We have carefully considered the facts in the case supra, and find that the contract in that instance is nearly identical with the contract relied upon in the case at bar.

In the case of Chemical Company v. McNair, 139 N. C. 335, 51 S. E. 952, the court said:

“It appears from an inspection of the contract made by Goble with Ober & Sons Company, bearing date January 17, 1898, that he was to sell the guano, and deliver to Ober & Sons Company notes of the planters to whom he sold, to be held by them as collateral security, and that all proceeds of guano sold were to be held in trust by Coble for the payment of his notes. As between Coble and Ober, there can be no question that the accounts were held as the property of the latter, and the money collected thereon was held in trust for them. Contracts containing the same language in respect to the terms upon which the guano was to be sold and the proceeds held were construed by this court in Chemical Co. v. Johnson, 98 N. C. 123, 3 S. E. 723, and Guano Company v. Bryan, 118 N. C. 576, 24 S. E. 364. In the last case, Mr. Justice Montgomery said: ‘There can be no doubt that the contract makes the defendant a trustee for the plaintiff’s benefit of the guano sold to him by the plaintiff, of the notes taken by the defendant from the purchasers of the guano, and of the cash money derived from the sales and of that collected on the notes.’ ”

There is an unbroken line of decisions of the Supreme Court of North Carolina construing contracts similar to the one relied upon by the petitioner in this instance in which it is held that such an instrument is neither a mortgage nor a conditional sale, but that it is a contract which creates a trust, and is therefore not required to be *935registered. That under its provisions the vendee holds the property, or the proceeds resulting from the sale thereof, in trust for the vendor, and that the right to the possession of the said property, or the proceeds of the sale of the same, may be enforced against a creditor or the purchaser by the vendor at any and all times. Therefore we are of opinion that the Walter A. Wood Company is entitled to the relief sought to be obtained in this proceeding.
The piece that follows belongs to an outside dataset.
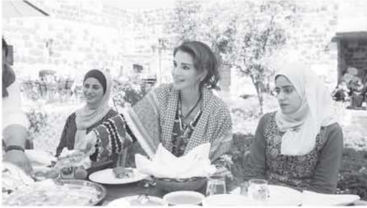
الملكة على اليوم الاربعي وفازت في كثير من الاحيان لاجلها لتصبح الامور وتتناسي الاجازات والقدرات والشغلات التي استطاع المواطن الاردني من خلالها تجاوز الكثير من التحديات والصعاب...

التياب في الخدمات العامة وإطلاق قراهم في بناء المجتمع، وترسيخ مفهوم المواطنة الفاعلة في المجتمع، وتعزيز العمل التطوعي والثقافة، وتعزيز الثقة بالنفس والعمل الجماعي وتنمية القدرات.

For the reasons stated, the judgment of the district court is reversed, and this cause is remanded to said court with instructions to proceed in accordance with the views herein expressed. -

Reversed and remanded.






Concurrence Opinion

MORRIS, District Judge

(concurring). I concur upon the ground that the agreement between the vendor and the vendee created a trust as to the proceeds of the goods, which, under the settled law of North Carolina, is valid as against the trustee in bankruptcy. And as the proceeds are represented by notes and an account which are identified in the hands of the trustees, the vendor is entitled to them. The North Carolina cases cited in the opinion appear to fully sustain this ruling.